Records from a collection

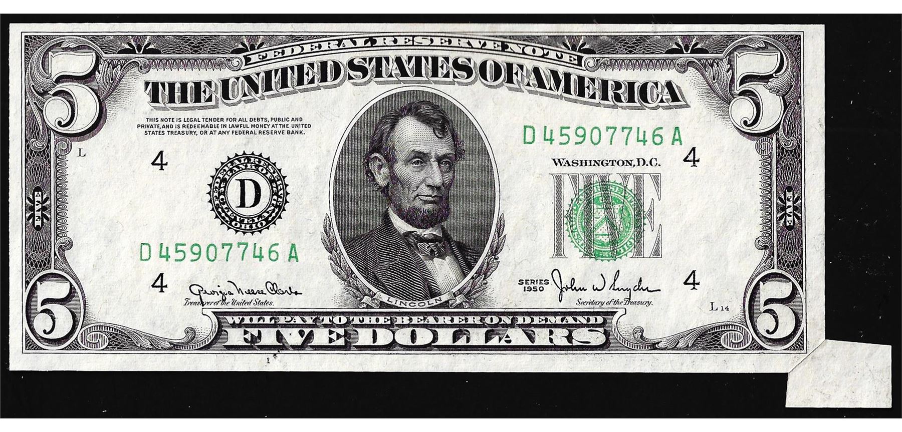 One 1950 $5 Federal Reserve Butterfly Fold Error Note.
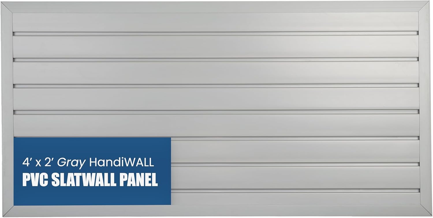 HANDIWALL (GRAY) PVC Slatwall Garage Wall Organizer, 4x2ft Heavy Duty Framed Slatwall Panel Storage Kit, Wall Mount Organizing Storage System For Slatwall Accessories
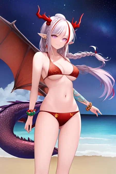 触发词为 nian_arknights,精简标签为 horns, pointy_ears, white_hair, multicolored_hair, streaked_hair, purple_eyes, red_hair, long_hair, breasts, dragon_horns, braid, tail, ponytail, earrings, colored_skin, red_skin, dragon_tail, medium_breasts。当某些特征(如发色)有时不够稳定时,您可将这些标签添加至提示词中。
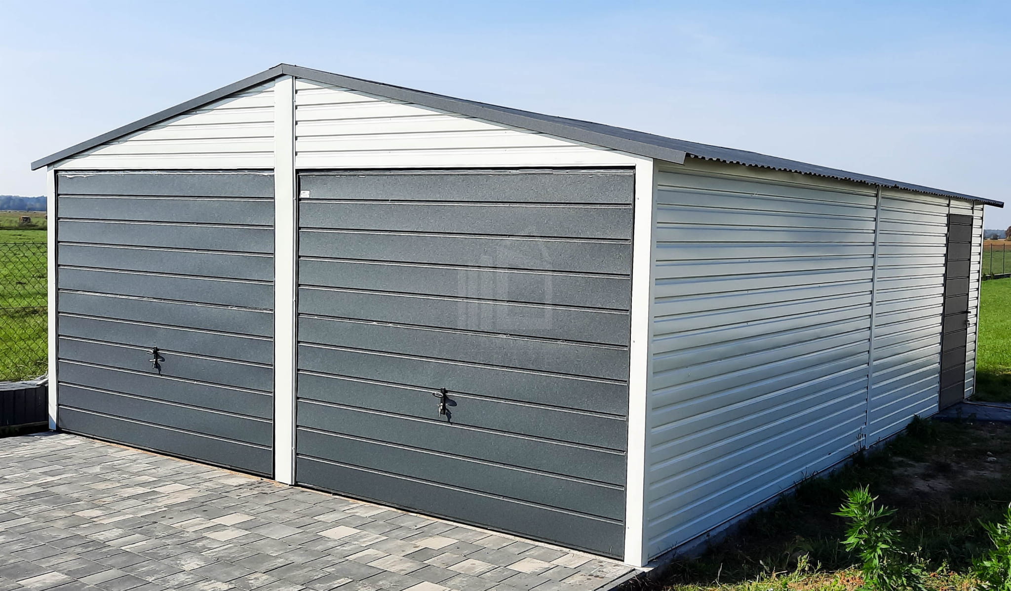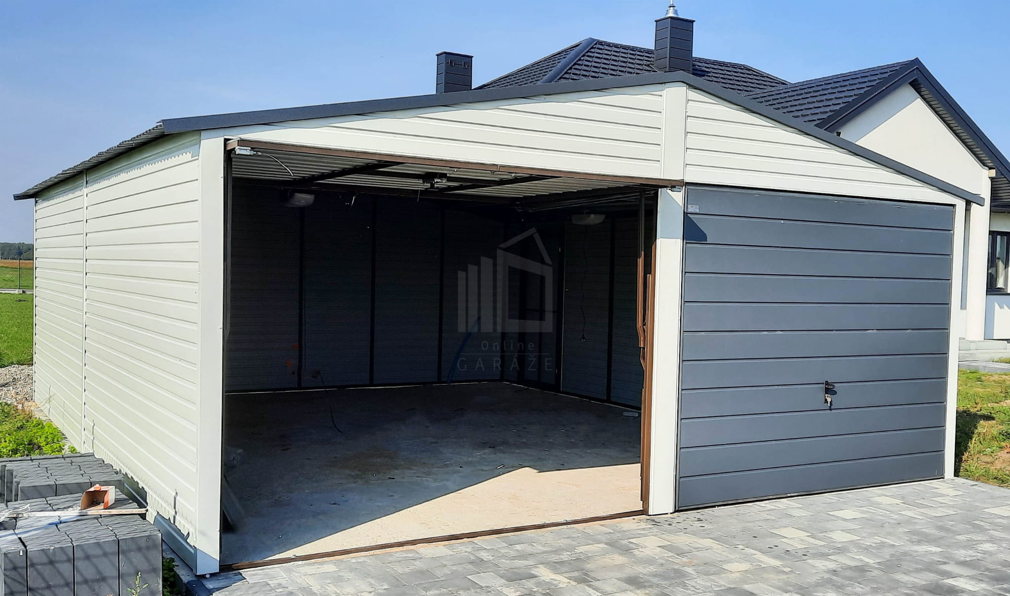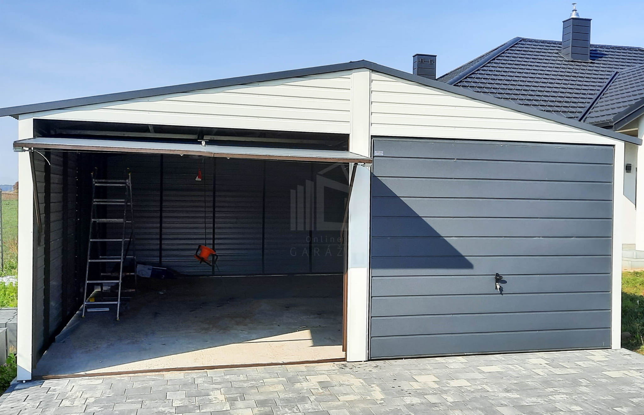 GARÁŽ PLECHOVÁ 6m x 7m – sedlová – 2x výklopná brána + dvere – biela antracit TS282 6×7
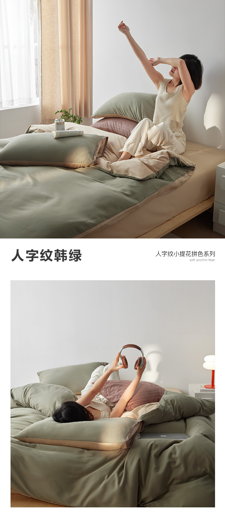 (总)佳汐蓝家纺 2026新款春夏人字纹小提花拼色系列四件套,人字纹山茶粉,人字纹藏青,人字纹韩绿,人字纹浅咖,人字纹浅蓝,人字纹炭灰
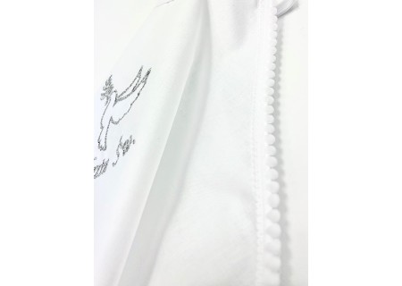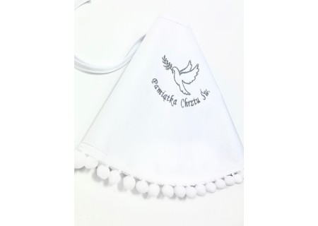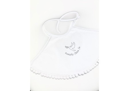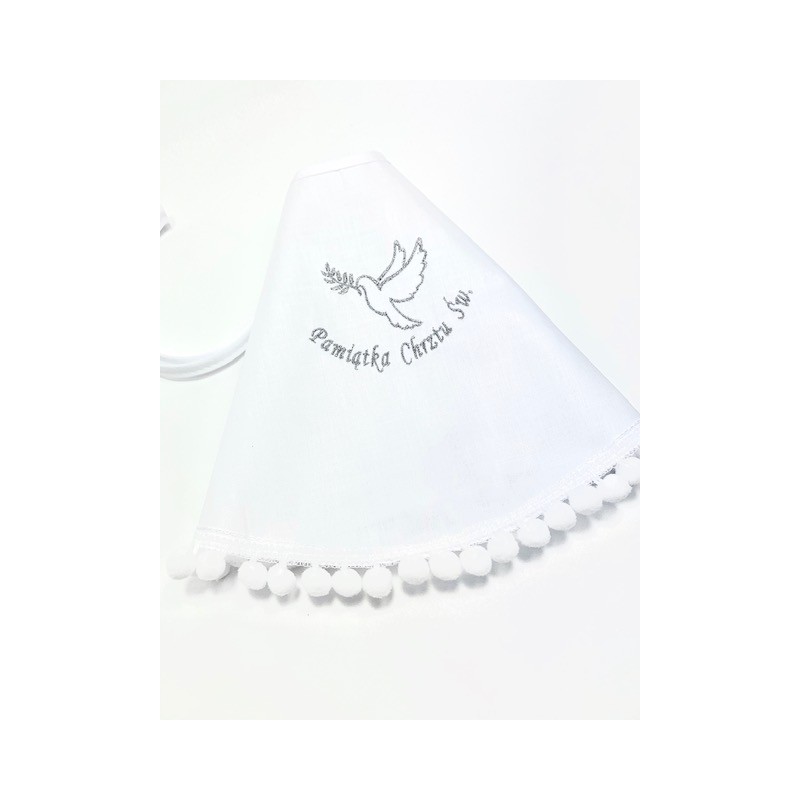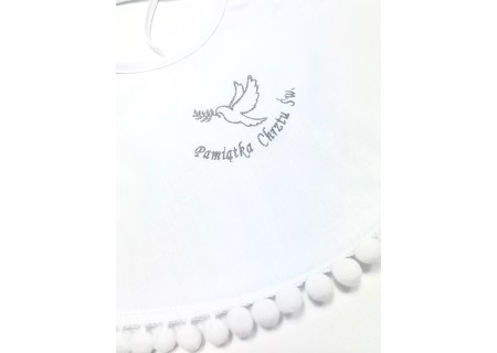 Na środku szatki znajduje się haftowany gołąbek z napisem „Pamiątka Chrztu Świętego”. Przy składaniu zamówienia prosimy o wybranie koloru haftu – do wyboru są trzy kolory - biały, srebrny oraz złoty. Wykonujemy najwyższej jakości hafty komputerowe, dlatego są one tak precyzyjne.
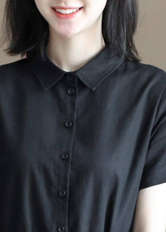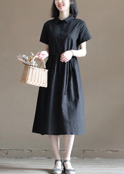 Plus Size Solid Black Kordelzug Bubikragen Knopf Baumwolle Leinen Hemdkleid Kurzarm
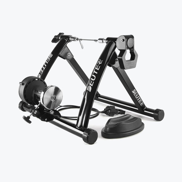 Notre support d'entraînement de vélo déplié forme une structure pyramidale, ce qui améliore considérablement la stabilité de l'ensemble du cadre. Avec son matériau solide et sa structure stable, le home trainer peut supporter une charge allant jusqu'à 330 lb. De plus, tout vélo avec une largeur de pneu de 26'' à 28'' ou des pneus de 700 cc peut être monté sur notre stand. Le home trainer comprend un dispositif drive-by-wire qui vous permet de modifier directement la résistance de votre guidon. Vous pouvez régler la résistance magnétique et basculer entre six niveaux de résistance en quelques secondes. Il y a peu ou pas de bruit sur les roues lors de la conduite. Pour réduire encore plus le bruit du home trainer, vous pouvez utiliser des pneus lisses conçus pour les home trainers ou ajouter un tapis sous la structure.
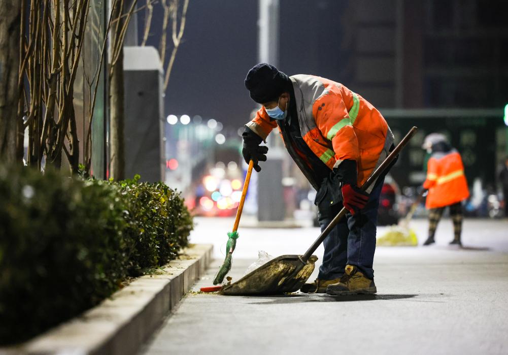 2025年1月1日清晨,河北省石家庄市新华区环卫工人在中华北大街清扫街道。新年伊始,各行各业的劳动者坚守岗位,铆足干劲,接续奋斗。新华社发(梁子栋摄)
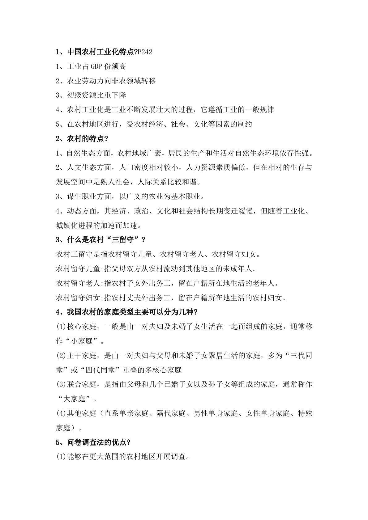 1、中国农村工业化特点?P2421、工业占GDP份额高2、农业劳动力向非农领域转移3、初级资源比重下降4、农村工业化是工业不断发展壮大的过程,它遵循工业的一般规律5、在农村地区进行,受农村经济、社会、文化等因素的制约2、农村的特点?1、自然生态方面,农村地域广袤,居民的生产和生活对自然生态环境依存性强。2、人文生态方面,人口密度相对较小,人力资源素质偏低,但在相对的生存与发展空间中是熟人社会,人际关系比较和谐。3、谋生职业方面,以广义的农业为基本职业。4、动态方面,其经济、政治、文化和社会结构长期变迁缓慢,但随着工业化、城镇化进程的加速而加速。3、什么是农村“三留守”?农村三留守是指农村留守儿...
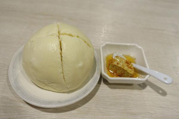 大粒的饅頭形狀有點兒像壽桃,特別的是旁邊還附了一小碟腐乳。
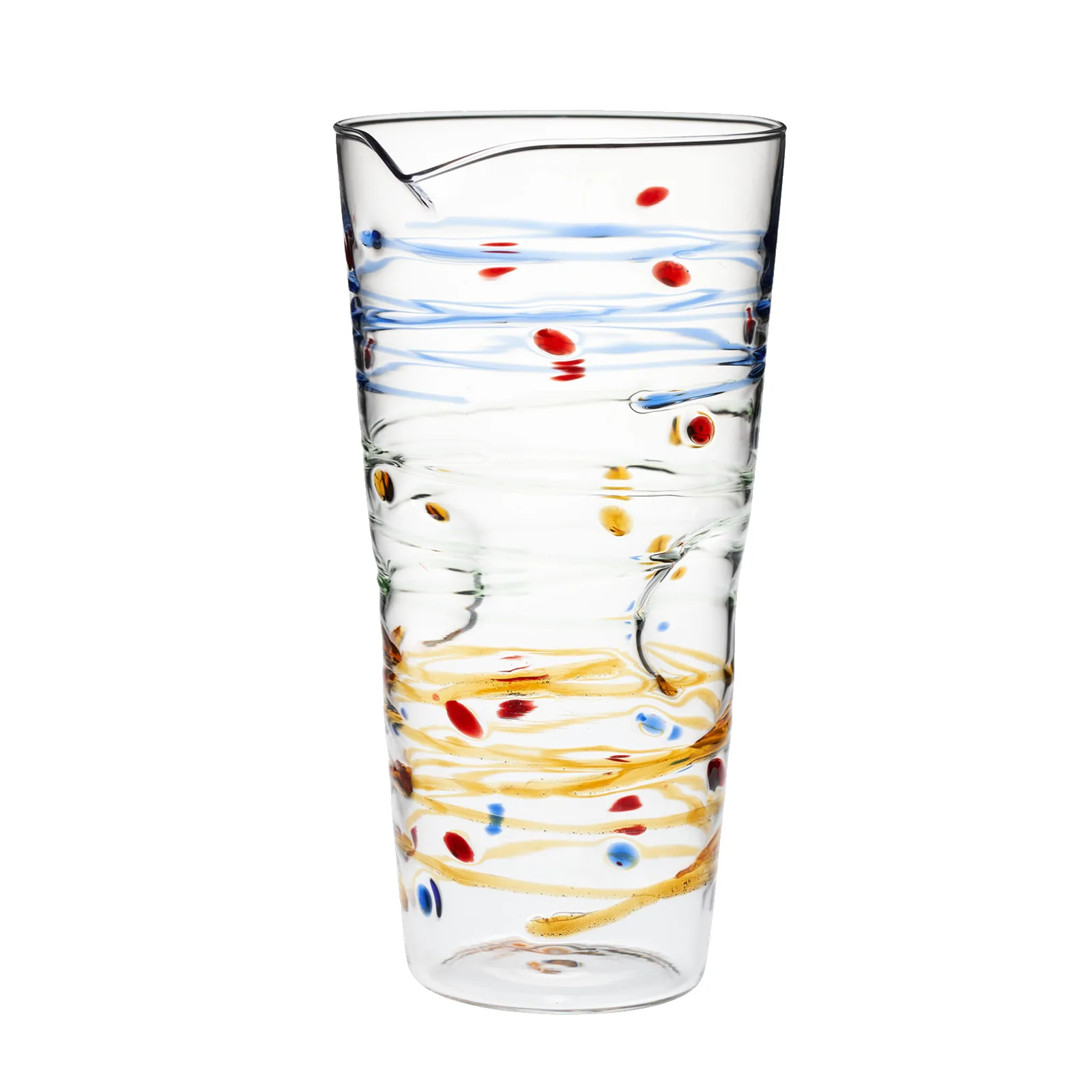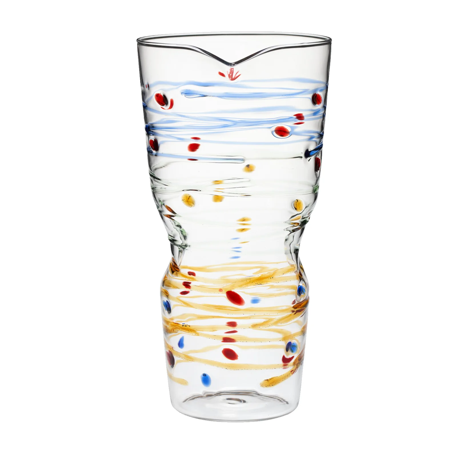 Brocca pinzata in vetro borosilicato con dettagli in pasta colore, soffiato a bocca. Tocchi di colore per portare allegria in tavola. Capacità 1,25 L
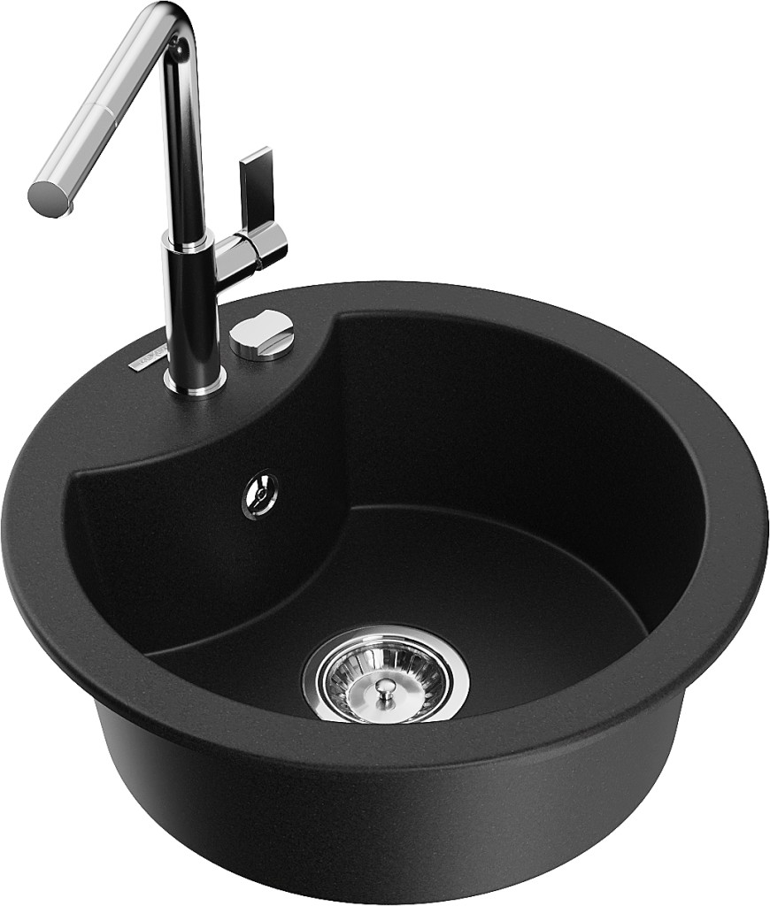 Technické dáta: drez: Rozmery: 488 x 488 x 167 mm Hĺbka komory: 157 mm Šírka komory: 406 mm Priemer odtoku: ø90 mm Typ: 1-komorový Typ: Zapustené do pracovnej dosky Čierna farba Povrchová úprava sifónu: Chrome Materiál: žula (80% žulové kamenivo, 20% živice) Prepadový otvor: Áno Otvory: (batérie, automatické) 2 Vysoká odolnosť proti poškriabaniu a zmene farby Odolnosť proti tepelným šokom Ľahko čistiteľný povrch Jeden dodatočný vyfrézovaný otvor na samodierovanie ø35 kuchynská batéria: Materiál: mosadz Farba: Chrome Hlava: Keramická Prevzdušňovač: Áno Typ: Jedna páka Rozsah výtoku: 245 mm Výška batérie: 307 mm(GT) Ean: 5905315060891

Your objective:
Above are the records; please give again, exactly and in full, only the lines that run from the line with "大粒的饅頭形狀有點兒像壽桃,特別的是旁邊還附了一小碟腐乳。" through the line with "Brocca pinzata in", with no pictures.

Response:
 大粒的饅頭形狀有點兒像壽桃,特別的是旁邊還附了一小碟腐乳。
 Brocca pinzata in vetro borosilicato con dettagli in pasta colore, soffiato a bocca. Tocchi di colore per portare allegria in tavola. Capacità 1,25 L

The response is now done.